What Information Does a Non-Domestic Building’s Asbestos Register Include?

The asbestos register is the formal record of all ACMs identified during a survey. It must contain enough detail for anyone who might disturb those materials — a maintenance worker, a contractor, or an emergency responder — to understand exactly what they’re dealing with and where.

A fully compliant register will include the following categories of information:

1. The Location of Each ACM

Every asbestos-containing material must be recorded with a precise location — not just “plant room” but a specific description that would allow someone unfamiliar with the building to find it. This is typically supported by annotated floor plans or site maps that form part of the register.

Location descriptions should reference the floor, room number or name, and the specific element of the building fabric where the ACM is found — for example, “ceiling tiles in Room 14, second floor” or “pipe lagging on boiler feed pipe in basement plant room.”

2. The Type of Asbestos

The register must record the type of asbestos fibre identified. The three most commonly encountered types in UK buildings are:

  • Chrysotile (white asbestos) — the most widely used historically, found in a broad range of building products
  • Amosite (brown asbestos) — frequently found in insulating board, ceiling tiles, and thermal insulation
  • Crocidolite (blue asbestos) — the most hazardous fibre type, used in spray coatings and some insulation products

Where the fibre type has been confirmed through laboratory analysis, this should be recorded alongside the sample reference number. Where the type is presumed rather than confirmed, this must also be clearly stated.

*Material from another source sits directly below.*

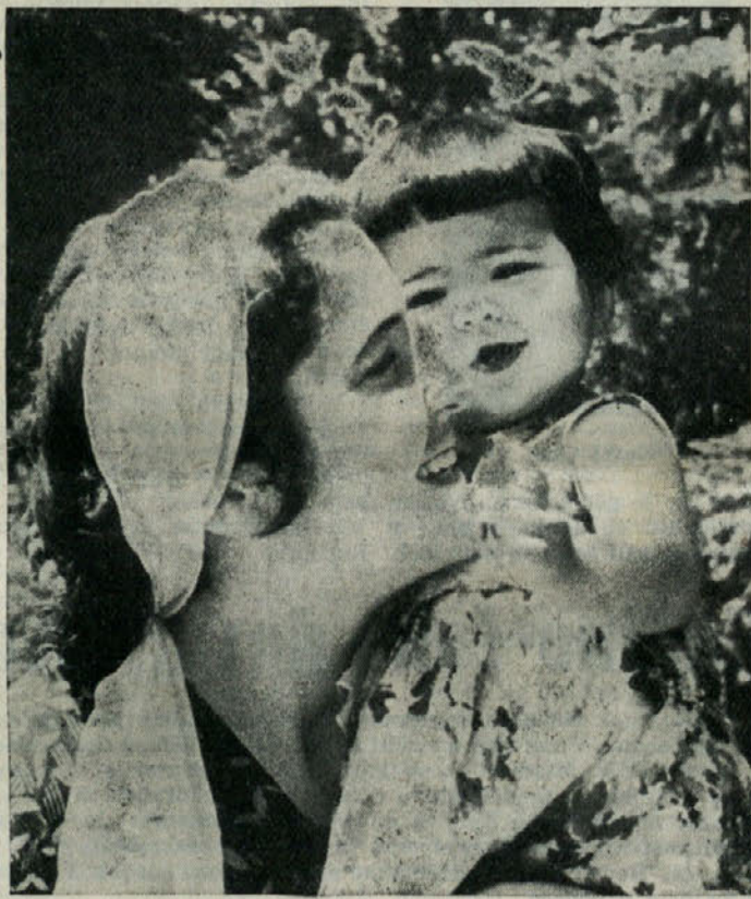
V čem je sreča delovnih ljudi? V bogastvu, slavi...! Ne! Slika nazorno prikazuje srečo mlade matere. In da bi sreča tudi z našega obraza tako žarela, je verjetno noveletna želja vseh nas!

Franc Blatnik, uslužbenec iz Predstrug pri Vidmu je dejal: »Moja želja za novo leto je, da bi se tudi v Dobropolju razvijala industrija. Nekaj industrije že imamo, ki naj bi se razvijala dalje.«

3. The Form and Product Type of the ACM

Asbestos appears in many different product forms, and the register should record which type is present. Common examples include:

  • Asbestos insulating board (AIB)
  • Sprayed coatings
  • Pipe and boiler lagging
  • Textured decorative coatings (such as Artex)
  • Asbestos cement sheets and panels
  • Floor tiles and associated adhesives
  • Gaskets and rope seals in older plant and equipment

The product type directly affects the risk level — friable materials like sprayed coatings release fibres far more readily than bonded materials like asbestos cement, and this distinction must be captured in the register.

4. The Condition of the Material

The register must record the current condition of each ACM at the time of the survey or most recent re-inspection. HSG264 sets out a structured approach to condition assessment, typically using a scoring system that evaluates:

  • The extent of damage or deterioration
  • Surface treatment (e.g. whether the material is sealed or painted)
  • Whether fibres are visibly exposed
  • The likelihood of disturbance given the material’s location and accessibility

A material in poor condition in a high-traffic area presents a very different risk profile to one in good condition in a sealed void — and the register needs to reflect that difference clearly.

5. A Risk Priority Rating

Based on the condition assessment, each ACM should be assigned a risk priority rating. This helps duty holders prioritise action and demonstrates to the HSE that a structured risk management approach is in place.

Risk ratings are typically categorised as high, medium, or low — or expressed numerically — and are derived from the combined assessment of material condition, accessibility, and the likelihood of disturbance during normal building use.

6. The Estimated Quantity or Extent of the Material

The register should record the approximate quantity of each ACM — whether expressed as a surface area (square metres), a linear measurement (for pipe lagging), or a count (for individual tiles or panels). This information is essential for planning remediation work and for calculating disposal requirements if removal becomes necessary.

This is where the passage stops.